◆ REQUIRED ACTION:
Each line from the one that holds "Big Size 36" to the end of the records is to be retyped exactly. Pictures are not part of the copy.

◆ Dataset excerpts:
------------------------------------------------------------------------
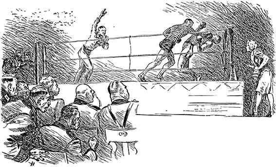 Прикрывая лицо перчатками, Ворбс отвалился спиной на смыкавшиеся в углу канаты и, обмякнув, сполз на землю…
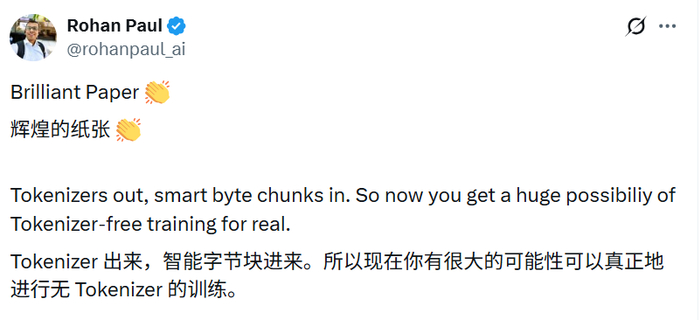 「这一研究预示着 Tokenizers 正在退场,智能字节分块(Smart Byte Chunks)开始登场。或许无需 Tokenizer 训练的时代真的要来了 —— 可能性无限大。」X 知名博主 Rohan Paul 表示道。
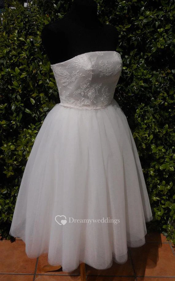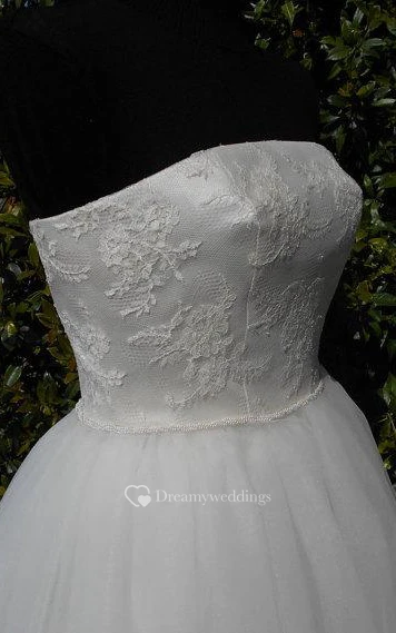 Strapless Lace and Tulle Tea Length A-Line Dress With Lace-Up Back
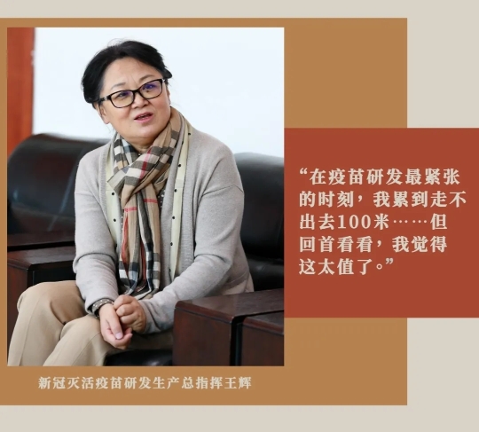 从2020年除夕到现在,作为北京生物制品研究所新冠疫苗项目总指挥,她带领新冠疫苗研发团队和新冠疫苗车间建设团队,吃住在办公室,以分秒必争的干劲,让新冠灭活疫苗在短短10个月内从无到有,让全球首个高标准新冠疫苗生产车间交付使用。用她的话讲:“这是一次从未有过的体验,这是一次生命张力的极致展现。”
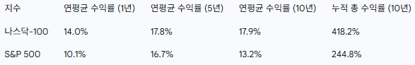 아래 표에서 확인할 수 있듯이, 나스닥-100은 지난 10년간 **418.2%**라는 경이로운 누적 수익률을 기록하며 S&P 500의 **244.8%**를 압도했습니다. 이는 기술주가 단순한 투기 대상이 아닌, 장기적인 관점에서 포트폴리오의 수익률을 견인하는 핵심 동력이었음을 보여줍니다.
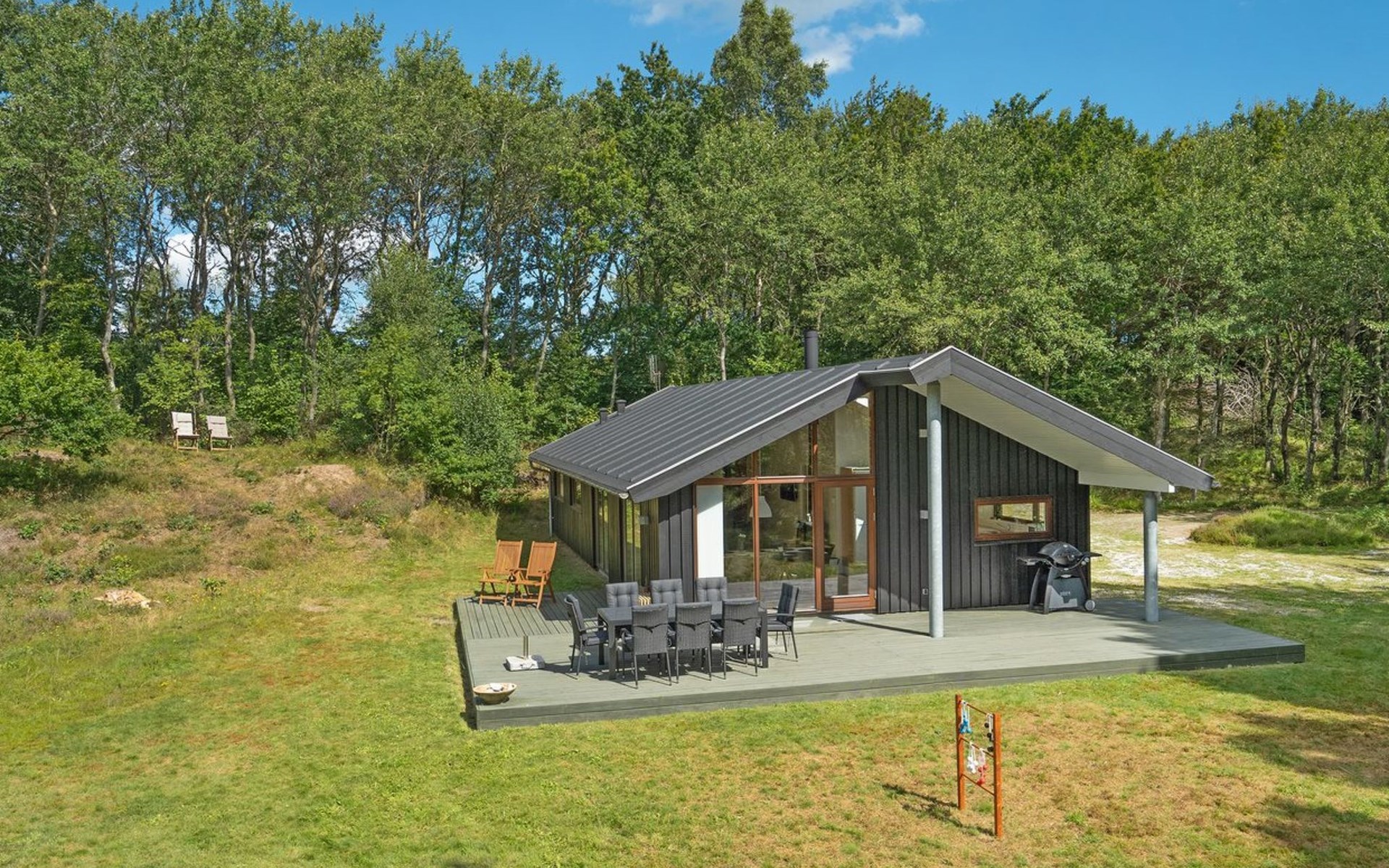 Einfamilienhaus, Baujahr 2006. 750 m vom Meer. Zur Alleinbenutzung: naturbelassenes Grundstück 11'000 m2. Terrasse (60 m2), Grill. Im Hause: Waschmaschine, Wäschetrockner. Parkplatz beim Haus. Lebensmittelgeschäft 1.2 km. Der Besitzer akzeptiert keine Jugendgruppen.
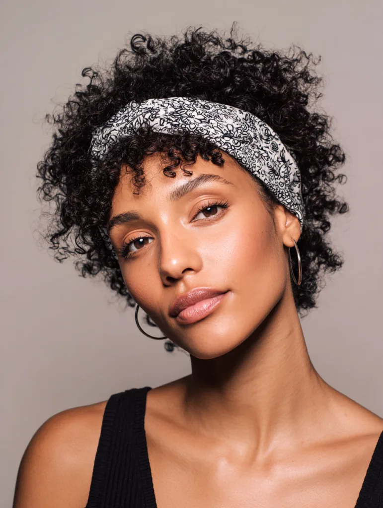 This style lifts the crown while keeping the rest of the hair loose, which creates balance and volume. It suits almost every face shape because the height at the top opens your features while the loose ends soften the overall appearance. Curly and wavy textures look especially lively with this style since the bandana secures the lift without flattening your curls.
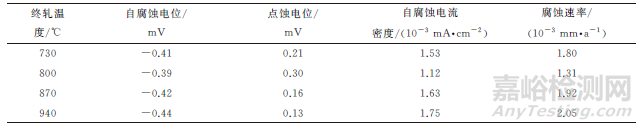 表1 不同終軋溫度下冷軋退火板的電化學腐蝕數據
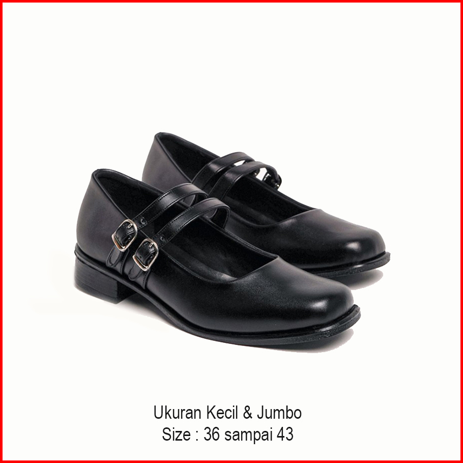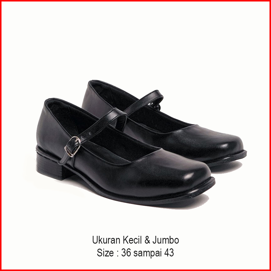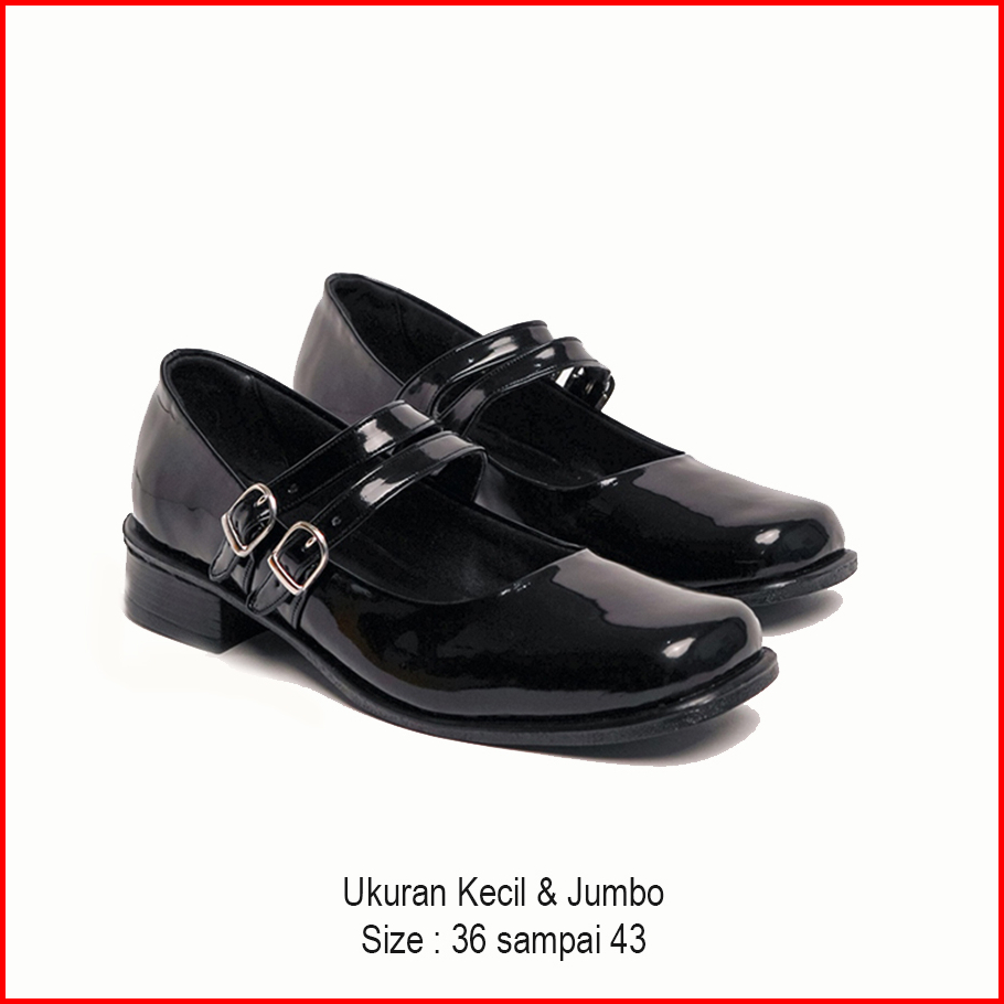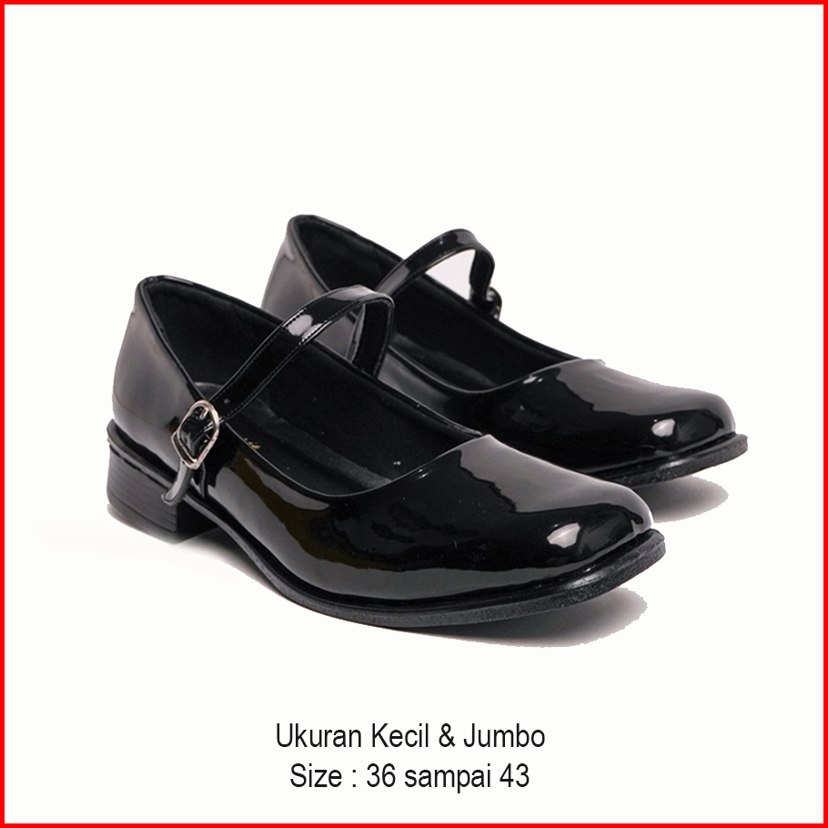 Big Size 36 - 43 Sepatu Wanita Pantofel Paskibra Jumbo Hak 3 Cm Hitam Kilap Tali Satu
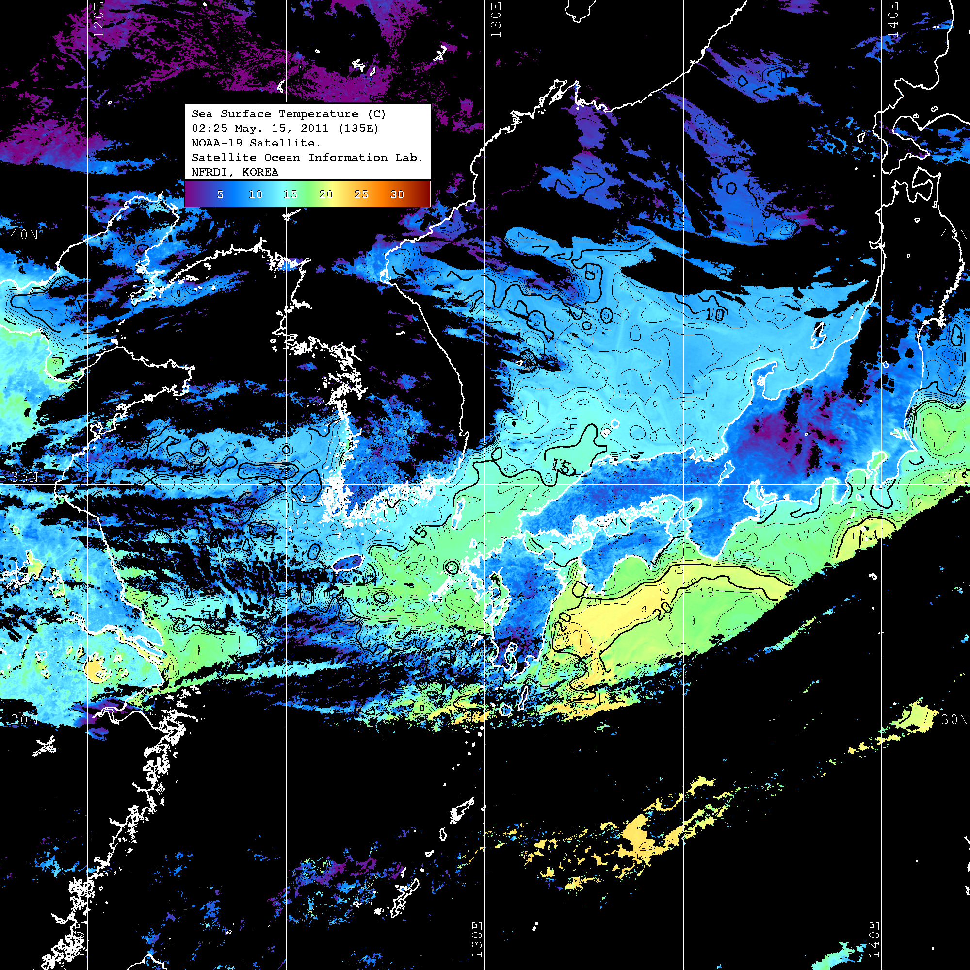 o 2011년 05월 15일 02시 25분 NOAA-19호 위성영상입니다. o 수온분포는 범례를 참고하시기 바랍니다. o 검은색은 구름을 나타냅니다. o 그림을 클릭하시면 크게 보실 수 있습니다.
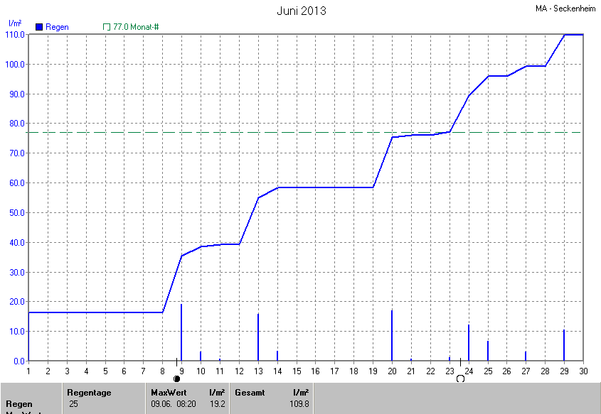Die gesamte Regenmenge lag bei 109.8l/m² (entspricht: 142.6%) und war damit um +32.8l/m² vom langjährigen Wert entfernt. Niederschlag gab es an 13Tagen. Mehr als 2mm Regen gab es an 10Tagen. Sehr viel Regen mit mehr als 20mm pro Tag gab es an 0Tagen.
------------------------------------------------------------------------
◆ RESPONSE TO THIS TASK:
 Big Size 36 - 43 Sepatu Wanita Pantofel Paskibra Jumbo Hak 3 Cm Hitam Kilap Tali Satu
 o 2011년 05월 15일 02시 25분 NOAA-19호 위성영상입니다. o 수온분포는 범례를 참고하시기 바랍니다. o 검은색은 구름을 나타냅니다. o 그림을 클릭하시면 크게 보실 수 있습니다.
Die gesamte Regenmenge lag bei 109.8l/m² (entspricht: 142.6%) und war damit um +32.8l/m² vom langjährigen Wert entfernt. Niederschlag gab es an 13Tagen. Mehr als 2mm Regen gab es an 10Tagen. Sehr viel Regen mit mehr als 20mm pro Tag gab es an 0Tagen.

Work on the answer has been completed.